Legends of the West

Hero or outlaw?  That’s the question you are left with when you hear the real story behind Billy the Kid and his nemesis, Pat Garrett.  Welcome to Lincoln, New Mexico, in the county of Lincoln, and at the center of the Lincoln County War, waged in the late 1870’s.  Like most wars, it was all about one group wanting something that another group had – in this case, land, money and power.  Same old, same old.  There was really no law in the New Mexican territory at that time.  The county is the size of Ireland, and it had one sheriff.  Anything went, and the guy with the fastest gun and the most gunslingers under his control had all the power.

Well, one poor Englishman came to town and thought that he could change the entrenched power structure, or at least carve out a piece for himself.  When the inevitable happened and he got his, the boys who worked for him took offense.  One of those angry lads – Billy the Kid.

The story goes on and on and Billy eventually killed two lawmen before he got caught, escaped from jail by killing two more, broke out of his leg irons, hid out for a few weeks  and then finally got ambushed by Sheriff Pat Garrett.  But, were those lawmen righteous upholders of justice or just the hired guns of the other side?  The lines were drawn in a very murky way, thus Billy is allowed to live in our imaginations as a hero who fought for truth and justice, if you believe one of the 60 movies made about him so far. They also put on a pageant every year behind the courthouse to tell the story.  That would be a kick.

The town has changed little since those days, and that makes it kind of a spooky place.  Nothing is tarted up here, and the history all feels very recent.  When Don asked the docent at the courthouse if descendants of both sides still lived in town, the answer was yes, and she is married to one.  When asked if resentments still prevailed, she rolled her eyes and said yes, but that it was mostly limited to verbal confrontations.  Thank goodness we didn’t see anyone there who was armed.

The next legend is truly one of the good guys.  We were honored today to visit the birth forest and burial stone of that famous fighter for us all – Smokey the Bear.

The concept of Smokey was dreamed up by some crazy ad guys in the 40’s, as FDR wanted a campaign to stop forest fires.

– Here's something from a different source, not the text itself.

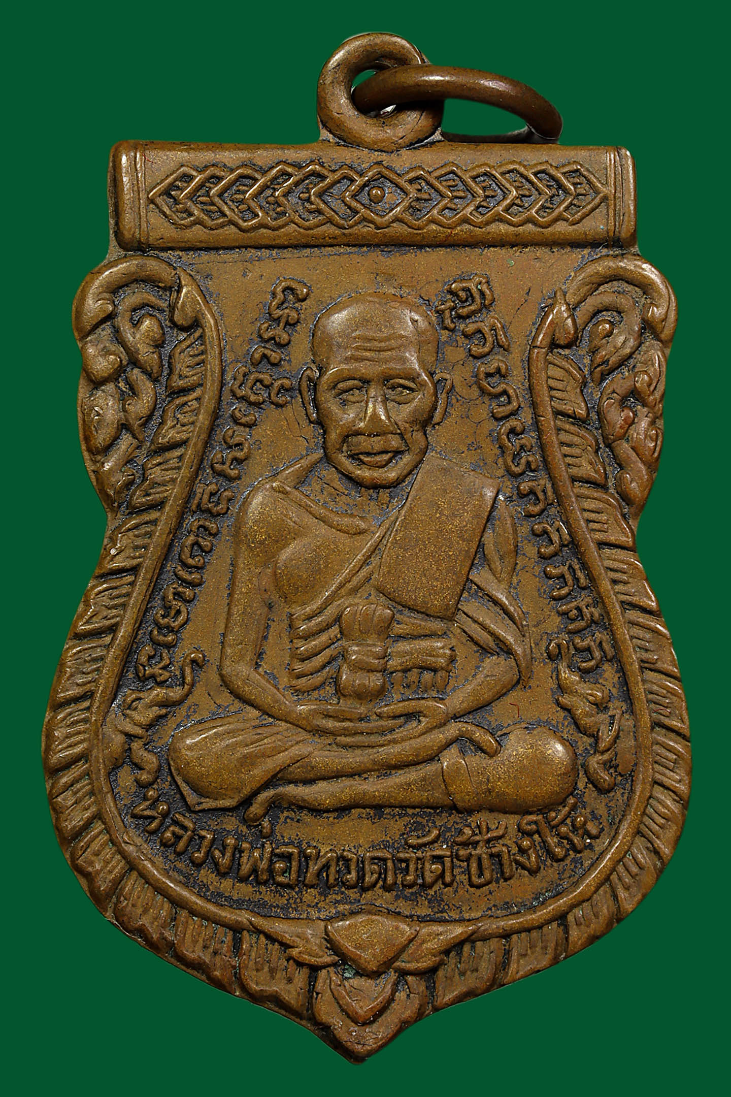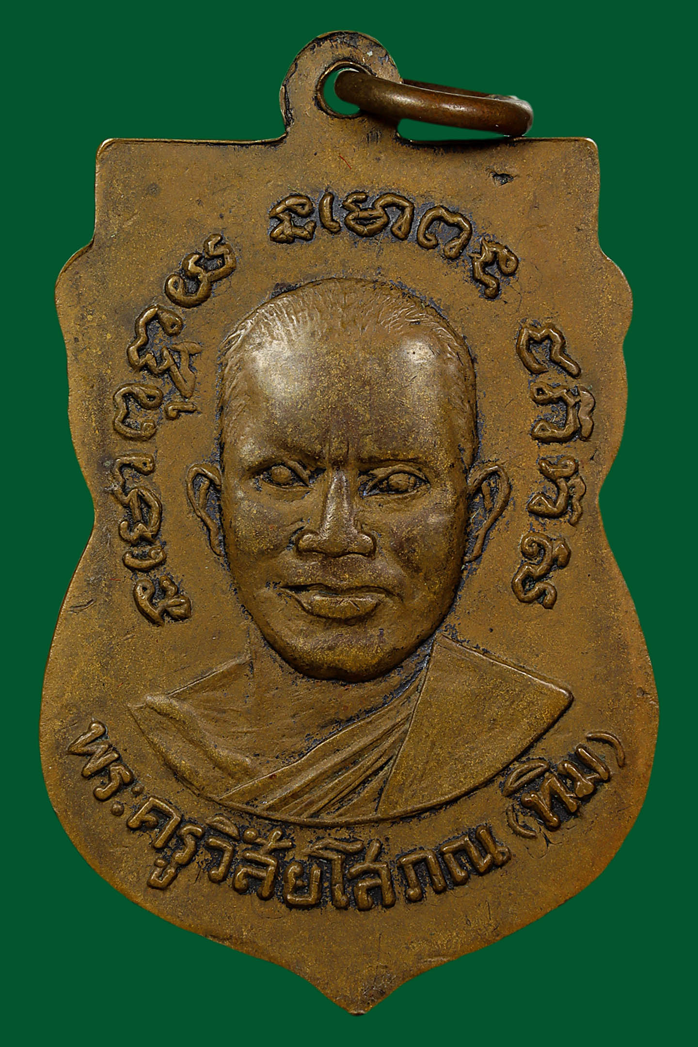 รูปหล่อปั้มหลวงปู่เขียว วัดหรงบล รุ่นแรก ปี 2513 เนื้อทองเหลืองรมดำ จังหวัดนครศรีธรรมราช (KA1160)

But the campaign really took off when a little bear cub was found hanging in a tree, and badly burned after surviving a vicious forest fire.  An icon was born.

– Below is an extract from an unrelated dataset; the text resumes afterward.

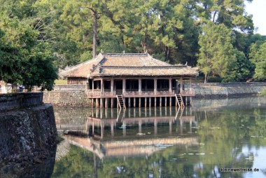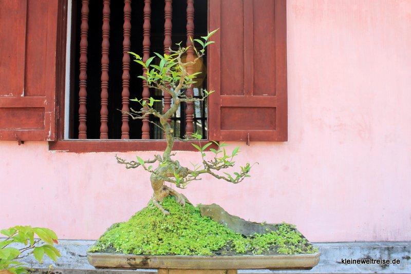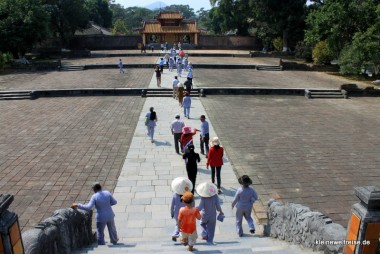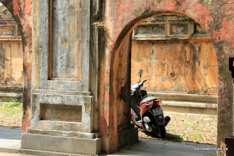 Gebaut wurde die Zitadelle nach dem Vorbild der Verbotenen Stadt in Peking, denn früher war Huế die Stadt der Kaiser. Heute zählt sie zum UNESCO Weltkulturerbe. Ein Teil der Gebäude wurde bereits restauriert und sah schön neu und bunt aus, ein anderer Teil war noch kaputt und verfallen. Zwei Rentner aus Süddeutschland, gut zu erkennen am knall-orangenen Stefan Loose Reiseführer unterm Arm, geben uns den Tipp die Südwestecke anzuschauen. Denn die wäre am schönsten.

Smokey was now real, and very shortly after recuperating, he found himself an object of adoration for many years in the Washington National Zoo.  After he died peacefully of old age, his body was returned to the town near where he was found, and we paid our respects with great affection.187

More wonders were seen today, but they will have to wait for tomorrow, as I think I am spoiling you with too many goodies at once.  But just to leave you with one more amazing sight, how about the largest pistachio nut in the world?  (The one toward the right.)

Who knew that they had pistachio groves in New Mexico?  Well, they do and we just had to buy some of their crop.  Yummy!

And by the way, if Billy the Kid and Smokey the Bear don’t get a comment out of some of you, then I do not know what it will take.  Interact, guys!!!!

3 thoughts on “Legends of the West

  1. After you got into west Texas and now New Mexico you are exploring territory where I have never been and know little or nothing about.

    I never knew Smokey The Bear was from New Mexico. I thought he was probably from the Great Smokey Mountains i.e. Smokey The Bear. Who knew.

    And Billy The Kid. What was he doing in New Mexico? I thought he did his dasterdly deeds in Missouri. Of course, I got all of my, I am sure, historically correct information from the movies and TV, and we all know they don’t stretch the truth.